День смерти соответствовал – 12 марта, год был указан 1719, совпадало и то, что он был вторым сыном курфюрста. Но затем оказалось, и Антон Л. это увидел, что этот принц приходился двоюродным дедом бронзовому курфюрсту, стоявшему у Резиденции, повернутому спиной к придворной свечной лавке, в которой работал Солиман Людвиг.
Но что случилось с книгой? Старый курфюрст, оплакивавший своего сына, по всей видимости, ее не выбросил. Он наверняка поставил ее к себе в библиотеку или в свой кабинет, где были собраны раритеты, и она с большой вероятностью продолжала передаваться по наследству до тех самых пор, пока не была отменена монархия. А потом? Культурные ценности остались храниться в Резиденции, в том числе и ювелирные изделия. Что же случилось с книгой, наверное, никто не знал.
Поэтому Антон Л. в первые дни сентября решил поискать ее в Резиденции. Он нашел библиотеку, но не книгу.
Когда Антон Л. через несколько дней после того взрыва снова шел в направлении Резиденции, то обнаружил, что бронзовый курфюрст закутан, закутан в крышу, которая словно жестяной парус пронеслась по Анакреонштрассе. Жестяная крыша зацепилась за памятник, остановилась и изогнулась вокруг него.
– Что у вас за вид, Ваша курфюрстская милость? – спросил Антон Л.
– Ерунда, – ответил курфюрст, – лучше размотайте меня.
– Это было бы весьма нелегко, – сказал Антон Л., – ведь это же целая железная крыша.
– Но не можете же вы оставить курфюрста закутанным в жесть, коль вы уж воруете его картины.

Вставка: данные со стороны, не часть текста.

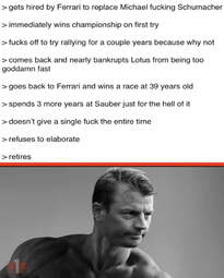 >wins a grand prix in his first race without the fastest car the next week
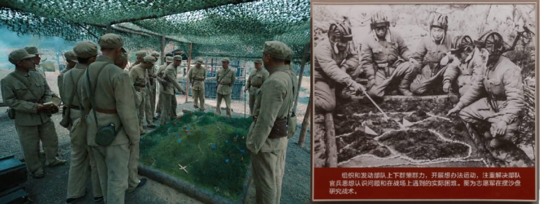 左圖為劇中戰前任務佈置,右圖為軍博展出志願軍對照沙盤研究戰術
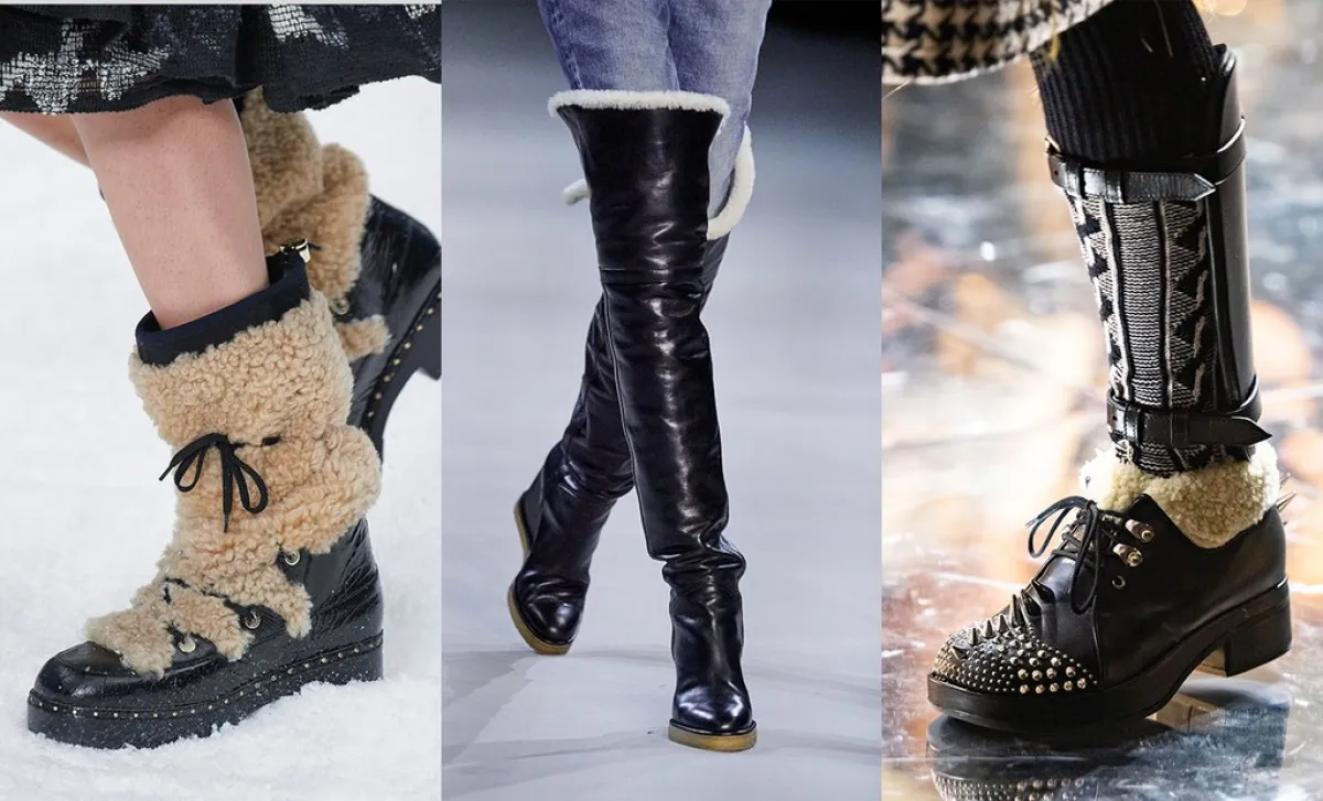 البوت الجلد لا يفقد موضته أبداً ويبقى ترند كل شتاء. الجلد المقطّع يعود أيضاً هذا العام ويبدو الأكثر أناقة بين البقية خاصة بلونه البوردو. هذا ويعود البوت الجلد ذات الساق العالي، واللافت أنّ الموضة هذا العام هي البوت الطويل فوق الجينز سواء مع أرجل ضيقة أو واسعة. البوت الجلدي البنيّ من أجمل الموديلات التي بدورها تعيد حقبة السبعينات والثمانينات والتسعينات كما جاء في تصاميم Celine وAlexander McQueen و Prada و Isabel Marant الذين جعلوا من Punk boots موضة الأحذية هذا العام.

– О воровстве не может быть и речи…
– А как же еще это назвать, господин Л.? Пусть даже вы один на свете, но это еще вовсе не значит, что все принадлежит вам.
– Это весьма скользкий юридический вопрос. И вообще: откуда вам известно, как меня зовут? – спросил Антон Л.

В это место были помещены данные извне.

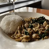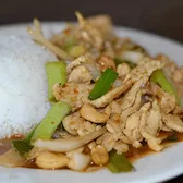 Gluten Free. Spicy. Stir-fried choice of meat with Thai chili paste, Thai chili, brown sugar, green onions, yellow onions & cashew nuts.
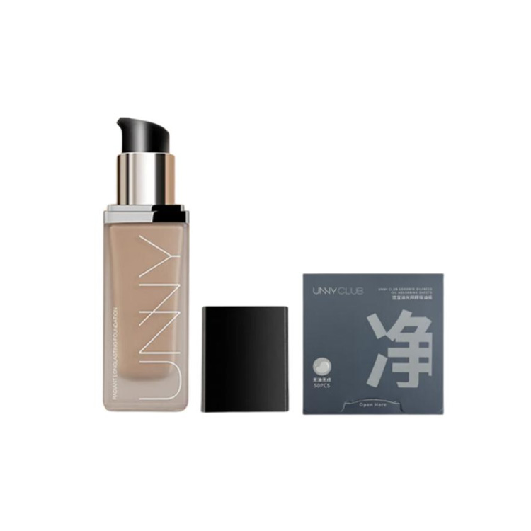 Характеристики: Набор из двух предметов: жидкая тональная основа для жирной кожи #N01 Natural Liquid Foundation 30 мл + промокательная бумага, 50 шт. в упаковке

– Большое искусство, – произнес курфюрст, из-под жести это прозвучало весьма глухо, – если жив всего лишь один человек и его зовут Л., то вас наверняка зовут Л.

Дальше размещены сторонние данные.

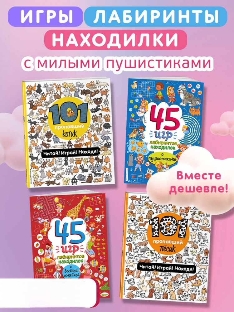 В данный момент этот товар отсутствует в продаже. Возможно, у нас найдется аналогичный или похожий товар здесь. Серия: 101 пропажа. Игры, головоломки и увлекательные истории для настоящих поисковичков Ты обожаешь игры, загадки и головоломки? Тогда этот комплект точно не даст тебе заскучать! Здесь ты найдешь милые раскраски, прикольные рисовалки, запутанные лабиринты, судоку, цифровые коды и много интересных заданий! А еще тебя ждут забавные истории про смешных зверят. Удобный формат сборников и яркое, красочное оформление позволят по максимуму погрузиться в игры и весело провести время. Книги понравятся как мальчикам, так и девочкам и станут замечательным подарком на день рождения или любой другой праздник. Читай, играй и развлекайся вместе с милыми и очаровательными пушистиками. |
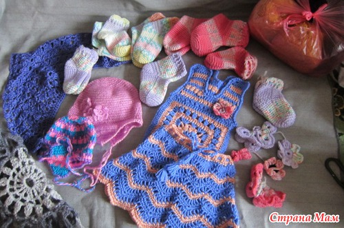 Ира связала для малышей носки крючком, шапочки, комплект для девочки - малышки, косыночку.
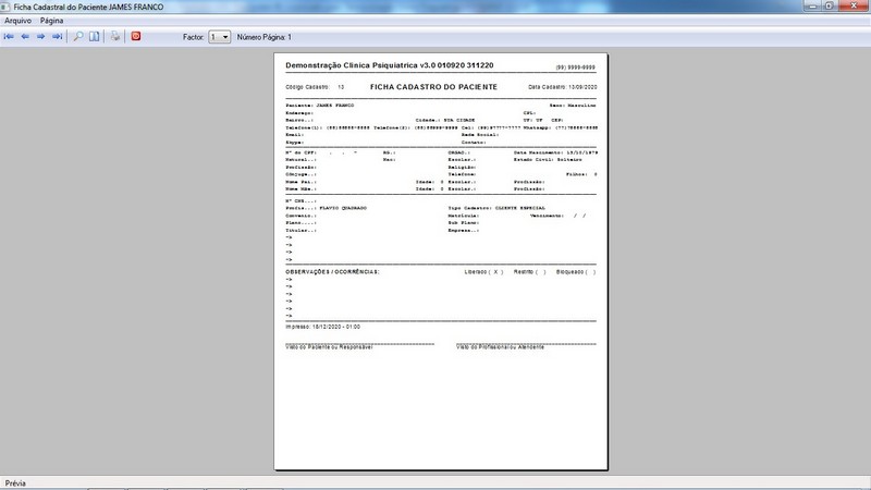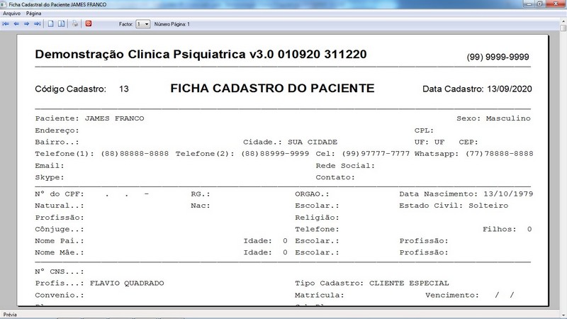 de Atendimento / Paciente / Anamnese / Profissional / Ficha de Paciente

– А жив только я? – спросил Антон Л.
– Во всяком случае, я больше никого не заметил, – ответил курфюрст.
Антон Л. принялся – а это была тяжелая работа – разгибать крышу. Его усилия особого успеха не принесли.
– Не получается, – сказал Антон Л.
– Вы делаете это совершенно неправильно. Подгоните сюда свою машину. Привяжите сзади канат…
– Очень хорошая идея, – сказал Антон Л. и побежал обратно в гостиницу.
Он приехал на машине и привез трос.
– Канат слишком тонкий, а к тому же и слишком короткий, – глухо произнес курфюрст.
– Откуда вы знаете, как вы можете это видеть, если вы закутаны?
– Я вижу все, что видят ваши глаза, глупец, – ответил курфюрст. – Или вы думаете, что я на самом деле разговариваю?
– Я как раз собирался об этом спросить…
– Сейчас не спрашивайте совершенно ничего. Во всяком случае канат, который вы привезли с собой, – это совсем не канат, а шпагатная веревочка. Здесь лежит контактный провод от трамвая. Почему бы вам не взять его?
Взрывная волна на самом деле буквально скрутила в клубок несколько десятков метров контактного провода. Антон Л. размотал провод и отрезал длинный кусок. (Для этого ему пришлось еще раз возвратиться в гостиницу, где в одной из мастерских лежали инструменты, в том числе и кусачки.)
– Не так, – вмешался курфюрст, когда Антон Л. собирался прикрутить провод к крюку автомобиля – Эта штука, когда оторвется от меня, выстрелит сзади по вашей машине. Вам нужно сделать ворот. Обогните провод вокруг колонны придворного театра и протяните его в противоположном направлении. Колонна это выдержит.
Антон Л. подчинился.
– А затем вам нужно пробить в крыше две дырки, чтобы вы смогли протянуть через них провод. А затем вы должны…
– Должен… должен… – возмутился Антон Л., но тихо.
На это курфюрст ничего не ответил.
«Наверное, он обиделся», – подумал Антон Л.
Он работал не меньше часа. Трижды не выдерживали неумелые узлы на упругой проволоке. Лишь когда Антон Л. обмотал узлы другой проволокой, провод выдержал. Антон Л. нажал на газ, крыша с жестяным грохотом сдвинулась с места, машина рванулась вперед, железная крыша со скрежетом дернулась в сторону придворного театра, где и осталась лежать на ступенях. Курфюрст был свободен. Лишь его шпага изогнулась.